Set down each entry below exactly as written, keeping the pictures out.

-- Source data --
· · · ·
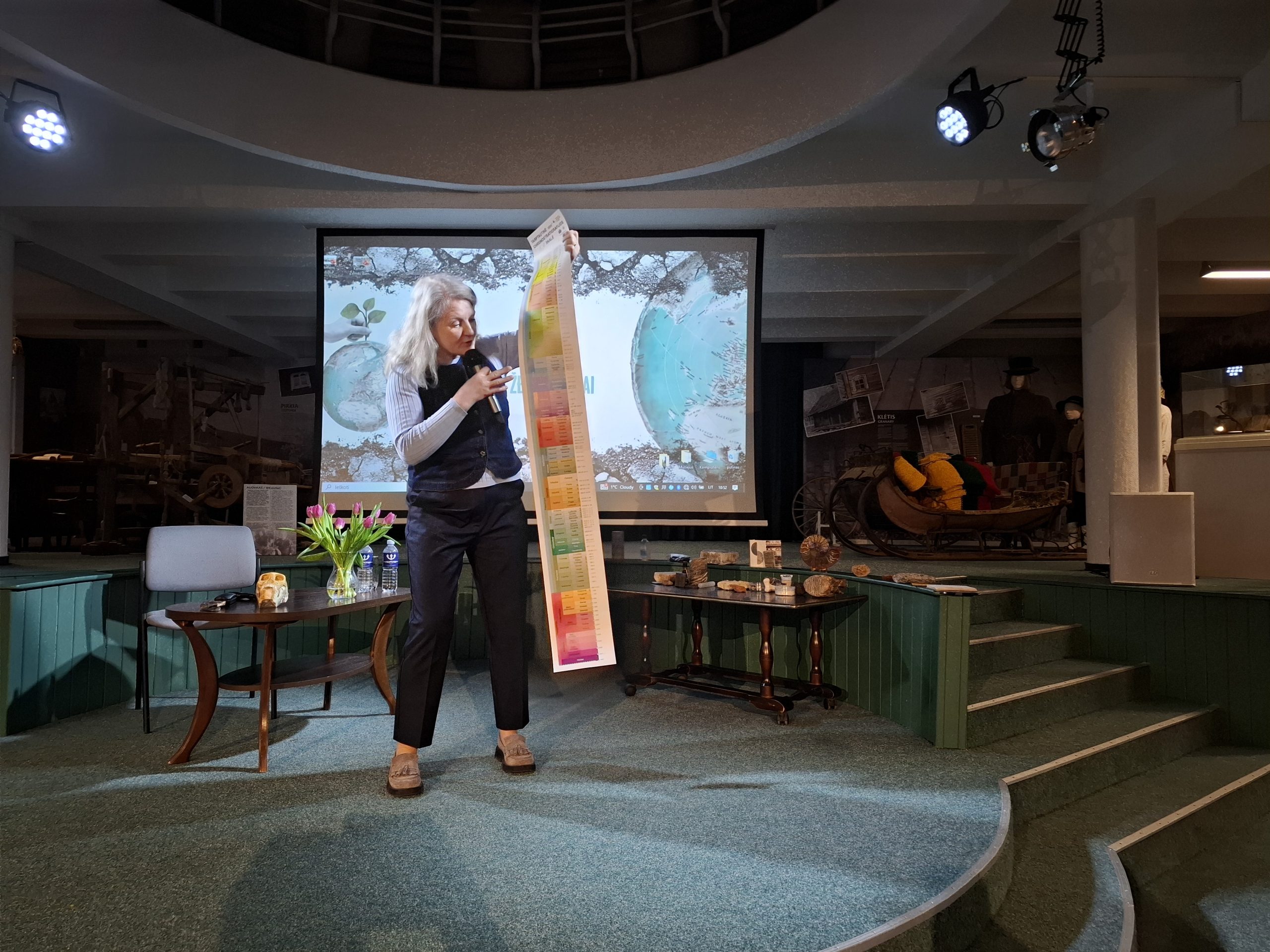 Paskaitą apie Lietuvos akmenis skaitė Gamtos tyrimų centro Klimato ir vandens tyrimų laboratorijos vyresnysis mokslo darbuotojas dr. Jonas Satkūnas, o iš arčiau susipažinti su Lietuvos mineralais ir fosilijomis pakvietė Mokslinių kolekcijų skyriaus vyriausioji specialistė Indrė Satkūnienė.
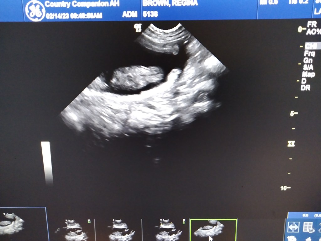 Look at that! That little oval shape is one little chubby puppy! The vet kept saying “oh it’s swimming around” so they certainly seem to be active. A dog only has about a 9 week gestation time. That’s a lot of action under a short time, and now Regina’s pups only have one more month until they are all here!
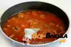 6. Вливаем кипяченую воду, чтоб покрылось все мясо. кладем лавровый лист, варим 25-30 минут под крышкой. Подлива должна загустеть, а мясо стать мягким.
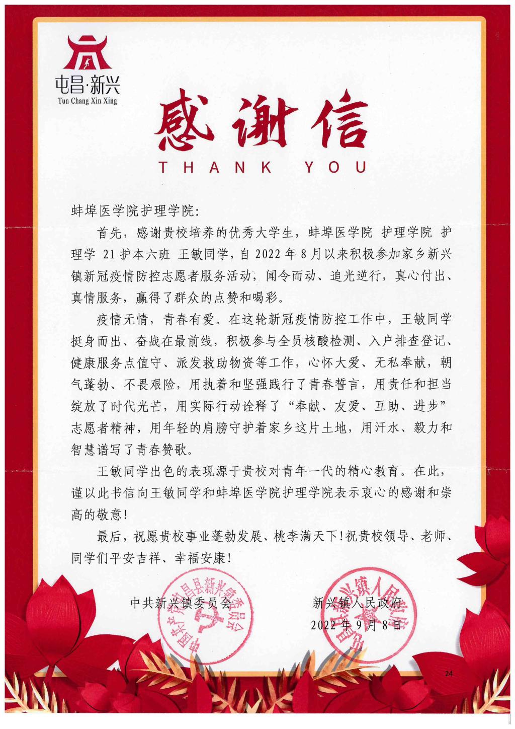 没有理由退缩,没有理由懈怠,人人都是防疫员,个个都是战斗员,以“志愿蓝”守护“健康绿”,未来的白衣天使王敏同学为疫情防控贡献自己的青春力量,体现了新时代大学生应有的担当精神和使命感。
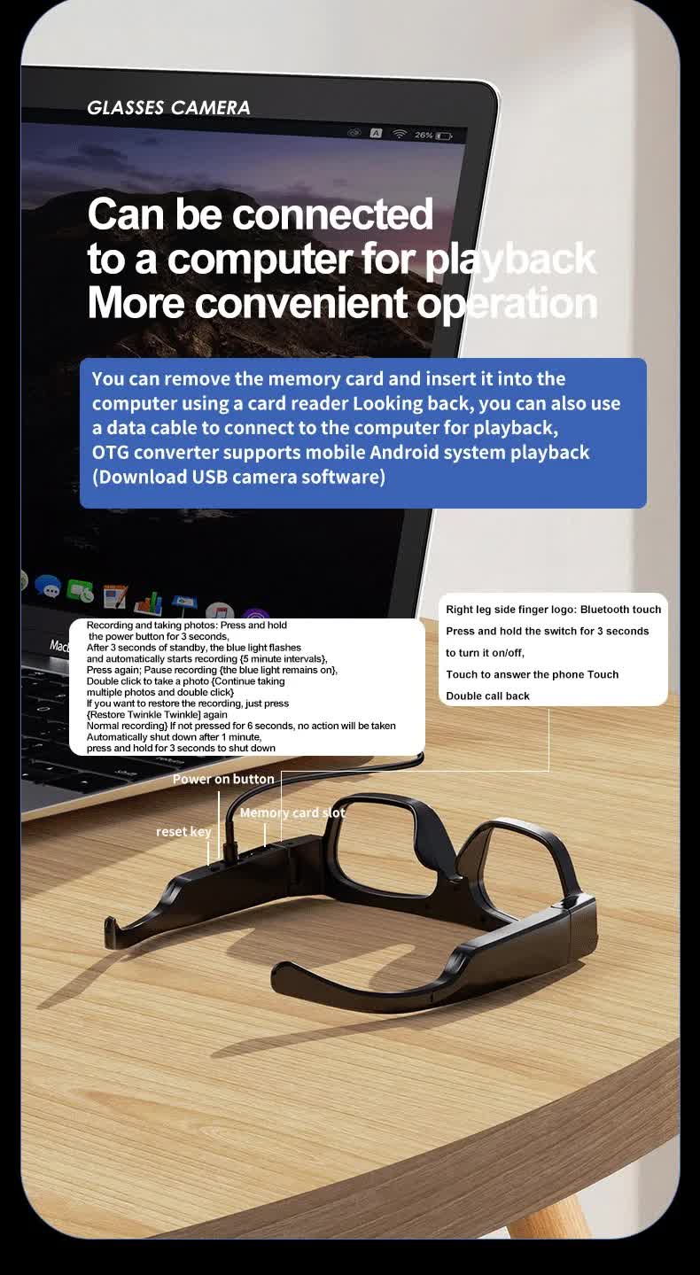 Revolutionize the way you capture and experience the world with these 4K smart Bluetooth glasses. Equipped with a high-definition camera, Bluetooth connectivity, and 64GB of built-in storage, these multifunctional glasses let you record videos, take photos, stream live, and stay connected on the go. Perfect for everyday use, sports, driving, and live streaming!
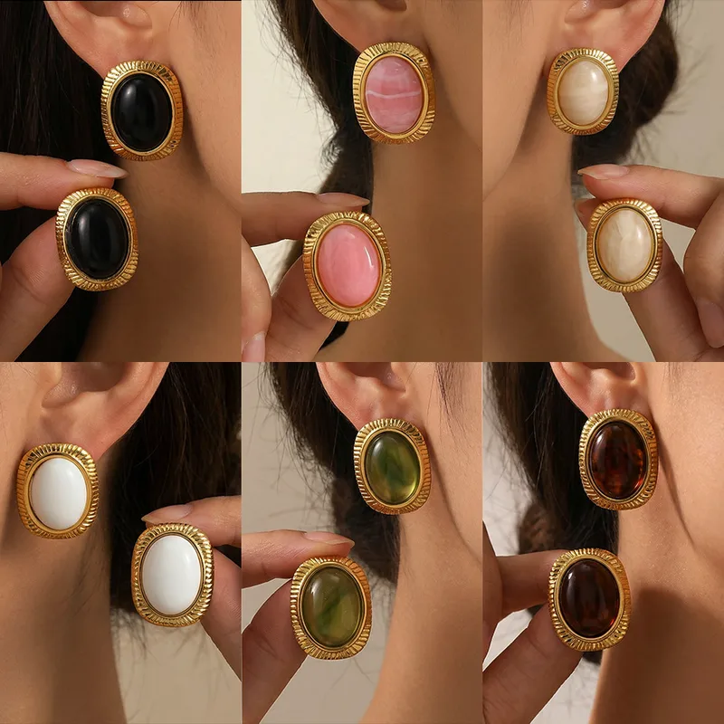 ต่างหูเรซิ่นสแตนเลสวินเทจสุดฮิตสำหรับผู้หญิง ชุบทอง 18K น้ำหนักเบา ดีไซน์โดดเด่น เครื่องประดับสำหรับใส่ทุกวัน
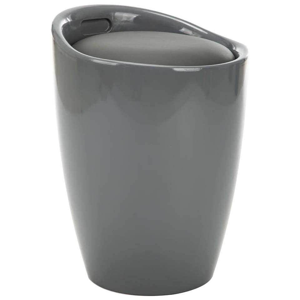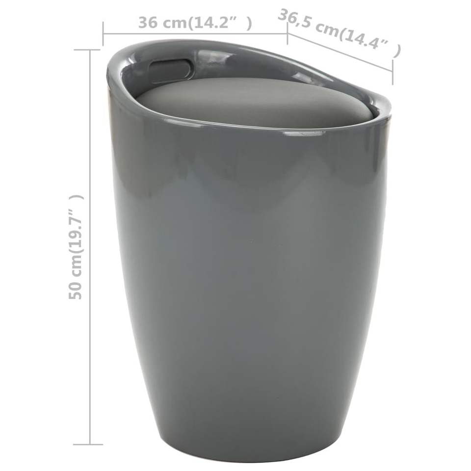 เก้าอี้สตูลหนังเทียมขนาดกลางสีเทาพร้อมพื้นที่เก็บของอเนกประสงค์
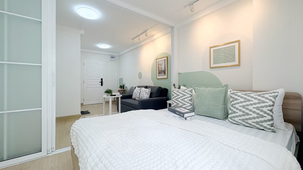 🏡 Condo ready to move in near you! Convenient travel Connect many routes Dont worry about traveling! 🎉 Start a good life, easy installments, only 5,xxx baht/month ✨ Beautiful room, fully decorated, furnished, ready to move in immediately! Project: Family Park Lat Phrao 48 (Family Park Lat Phrao 48) • Room type: 1 bedroom, 1 bathroom, 1 relaxation/living area • Size: 28 square meters • Common expenses: only 30 Baht/square meter • Highlights: The room is decorated in a minimalist style, beautiful and perfect, ready to move in with all functions • Location: The project is located in Soi Lat Phrao 48, easy to enter and exit 🛋️ Complete facilities in the project • Security system: 24-hour security guard • Entry-exit: Key Card System (Key Card Access) • Common areas: Swimming pool and exercise room (Fitness) • Convenience: Convenience store Within the project • Others: parking and elevator facilities.
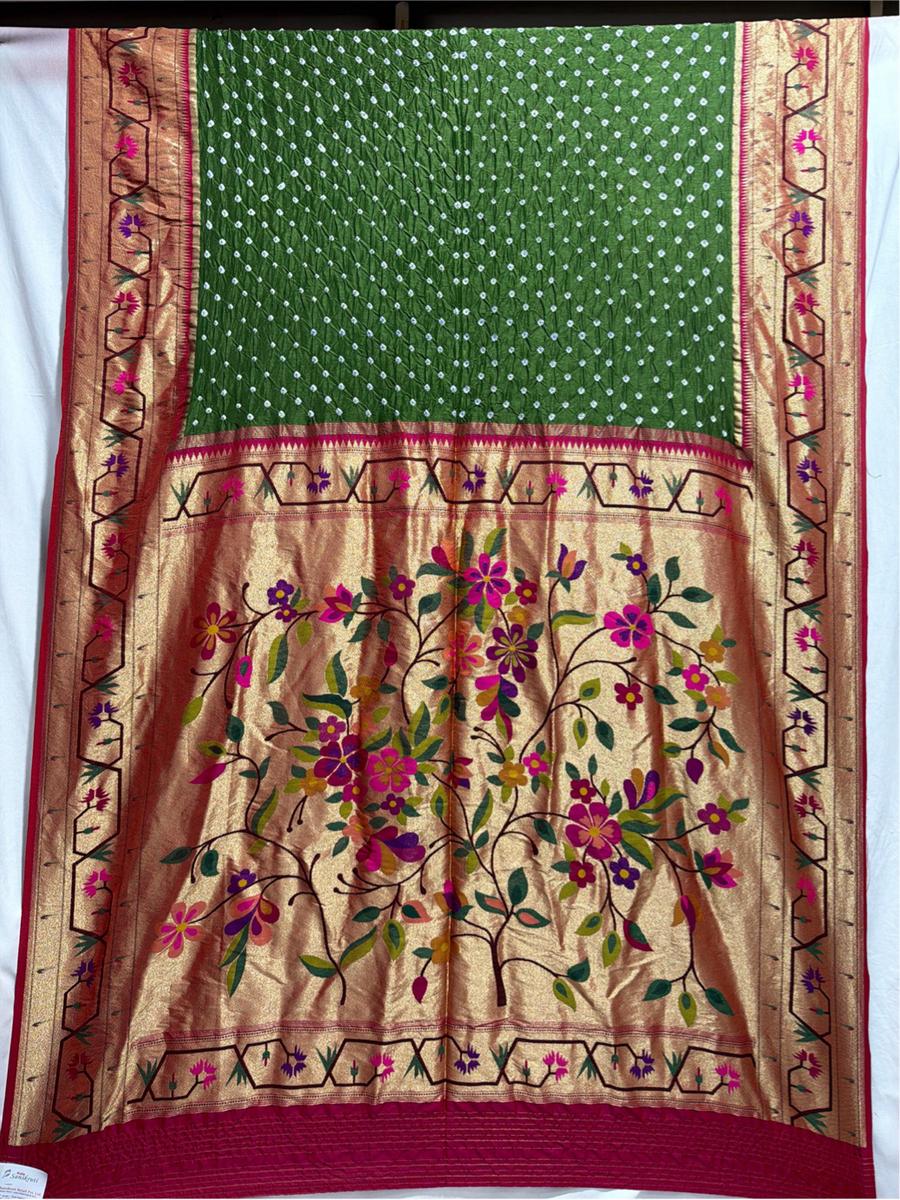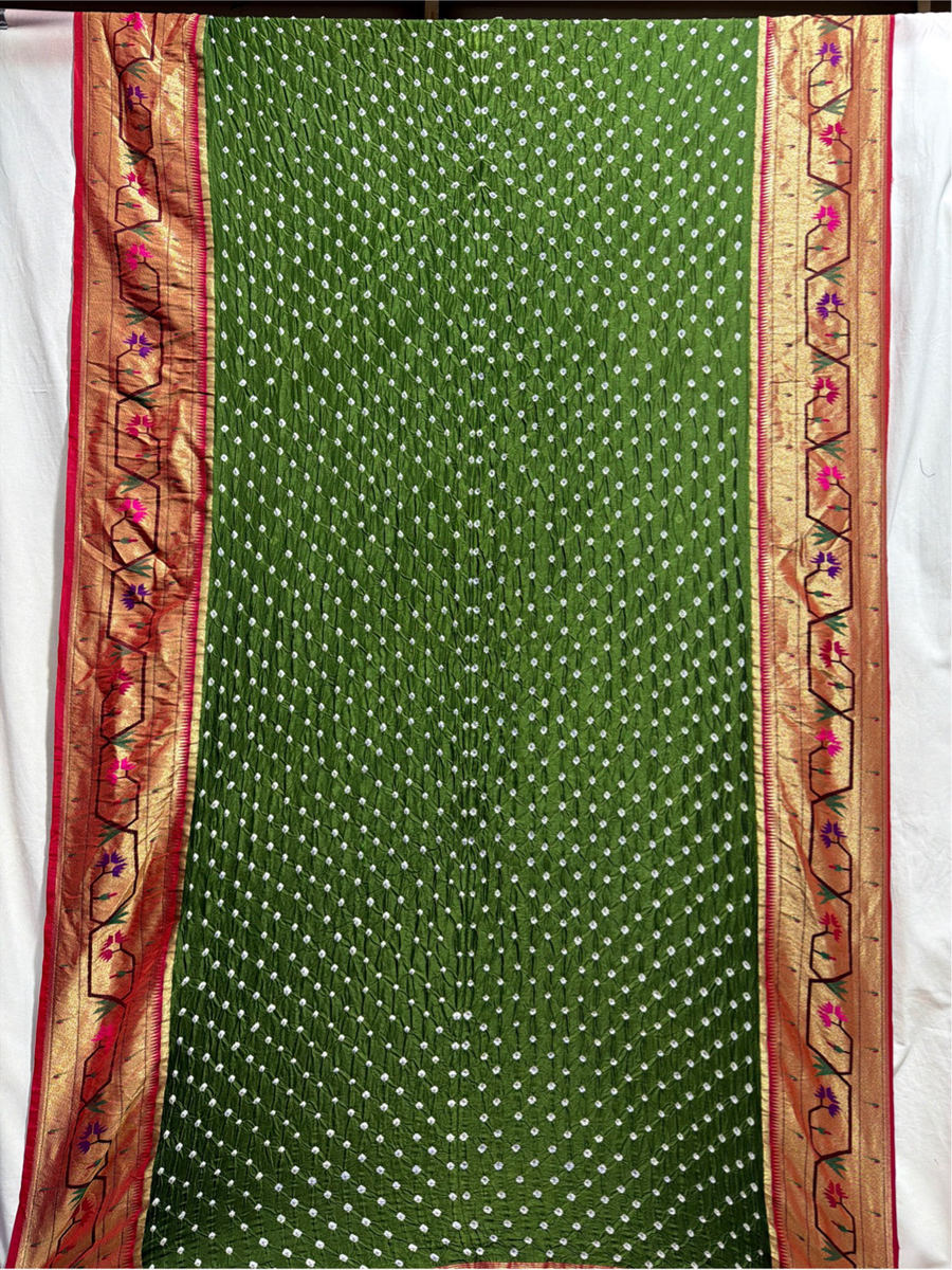Kala Sanskruti Green & Pink Color Art Silk Bandhani Saree 6.5M with Blouse Piece Elegant Traditional Wear Bridal Unique Saree for Women
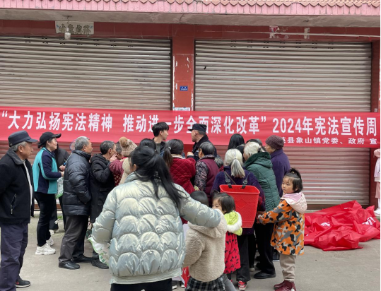 今年是中华人民共和国成立75周年,12月4日是第十一个“国家宪法日”。为深入宣传依宪治国、依宪执政,弘扬宪法精神,树立宪法权威,12月4日,象山镇社会事务和社会治理办联合象山司法所、镇纪委、镇农业综合服务中心、富乐社区以“大力弘扬宪法精神,推动进一步全面深化改革”为主题,在象山镇星级农贸市场开展“2024年‘宪法宣传周’暨宪法进社区”活动。
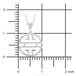 Made of silver, this pendant necklace features the Gump's shou — the symbol of long life and prosperity — surrounded by white sapphires.
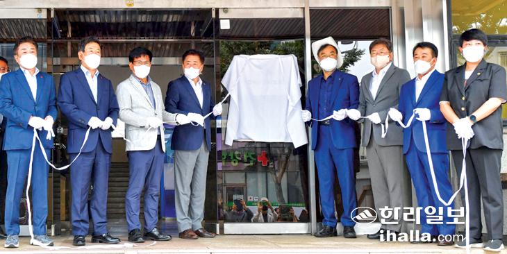 24일 한라일보에서 열린 국제미래학회 '제주미래창의캠퍼스'현판식에서 참석자들이 기념촬영을 하고 있다. 사진 왼쪽부터 양경호 도의회 예결위원장, 김광수 도교육감, 김경학 도의회 의장, 오영훈 제주지사, 안종배 국제미래학회장, 이남식 서울예술대학교 13대 총장, 김건일 한라일보 대표이사, 홍인숙 도의원. 이상국기자
· · · ·
-- Finished task --
 Paskaitą apie Lietuvos akmenis skaitė Gamtos tyrimų centro Klimato ir vandens tyrimų laboratorijos vyresnysis mokslo darbuotojas dr. Jonas Satkūnas, o iš arčiau susipažinti su Lietuvos mineralais ir fosilijomis pakvietė Mokslinių kolekcijų skyriaus vyriausioji specialistė Indrė Satkūnienė.
 Look at that! That little oval shape is one little chubby puppy! The vet kept saying “oh it’s swimming around” so they certainly seem to be active. A dog only has about a 9 week gestation time. That’s a lot of action under a short time, and now Regina’s pups only have one more month until they are all here!
 6. Вливаем кипяченую воду, чтоб покрылось все мясо. кладем лавровый лист, варим 25-30 минут под крышкой. Подлива должна загустеть, а мясо стать мягким.
 没有理由退缩,没有理由懈怠,人人都是防疫员,个个都是战斗员,以“志愿蓝”守护“健康绿”,未来的白衣天使王敏同学为疫情防控贡献自己的青春力量,体现了新时代大学生应有的担当精神和使命感。
 Revolutionize the way you capture and experience the world with these 4K smart Bluetooth glasses. Equipped with a high-definition camera, Bluetooth connectivity, and 64GB of built-in storage, these multifunctional glasses let you record videos, take photos, stream live, and stay connected on the go. Perfect for everyday use, sports, driving, and live streaming!
 ต่างหูเรซิ่นสแตนเลสวินเทจสุดฮิตสำหรับผู้หญิง ชุบทอง 18K น้ำหนักเบา ดีไซน์โดดเด่น เครื่องประดับสำหรับใส่ทุกวัน
 เก้าอี้สตูลหนังเทียมขนาดกลางสีเทาพร้อมพื้นที่เก็บของอเนกประสงค์
 🏡 Condo ready to move in near you! Convenient travel Connect many routes Dont worry about traveling! 🎉 Start a good life, easy installments, only 5,xxx baht/month ✨ Beautiful room, fully decorated, furnished, ready to move in immediately! Project: Family Park Lat Phrao 48 (Family Park Lat Phrao 48) • Room type: 1 bedroom, 1 bathroom, 1 relaxation/living area • Size: 28 square meters • Common expenses: only 30 Baht/square meter • Highlights: The room is decorated in a minimalist style, beautiful and perfect, ready to move in with all functions • Location: The project is located in Soi Lat Phrao 48, easy to enter and exit 🛋️ Complete facilities in the project • Security system: 24-hour security guard • Entry-exit: Key Card System (Key Card Access) • Common areas: Swimming pool and exercise room (Fitness) • Convenience: Convenience store Within the project • Others: parking and elevator facilities.
Kala Sanskruti Green & Pink Color Art Silk Bandhani Saree 6.5M with Blouse Piece Elegant Traditional Wear Bridal Unique Saree for Women
 今年是中华人民共和国成立75周年,12月4日是第十一个“国家宪法日”。为深入宣传依宪治国、依宪执政,弘扬宪法精神,树立宪法权威,12月4日,象山镇社会事务和社会治理办联合象山司法所、镇纪委、镇农业综合服务中心、富乐社区以“大力弘扬宪法精神,推动进一步全面深化改革”为主题,在象山镇星级农贸市场开展“2024年‘宪法宣传周’暨宪法进社区”活动。
 Made of silver, this pendant necklace features the Gump's shou — the symbol of long life and prosperity — surrounded by white sapphires.
 24일 한라일보에서 열린 국제미래학회 '제주미래창의캠퍼스'현판식에서 참석자들이 기념촬영을 하고 있다. 사진 왼쪽부터 양경호 도의회 예결위원장, 김광수 도교육감, 김경학 도의회 의장, 오영훈 제주지사, 안종배 국제미래학회장, 이남식 서울예술대학교 13대 총장, 김건일 한라일보 대표이사, 홍인숙 도의원. 이상국기자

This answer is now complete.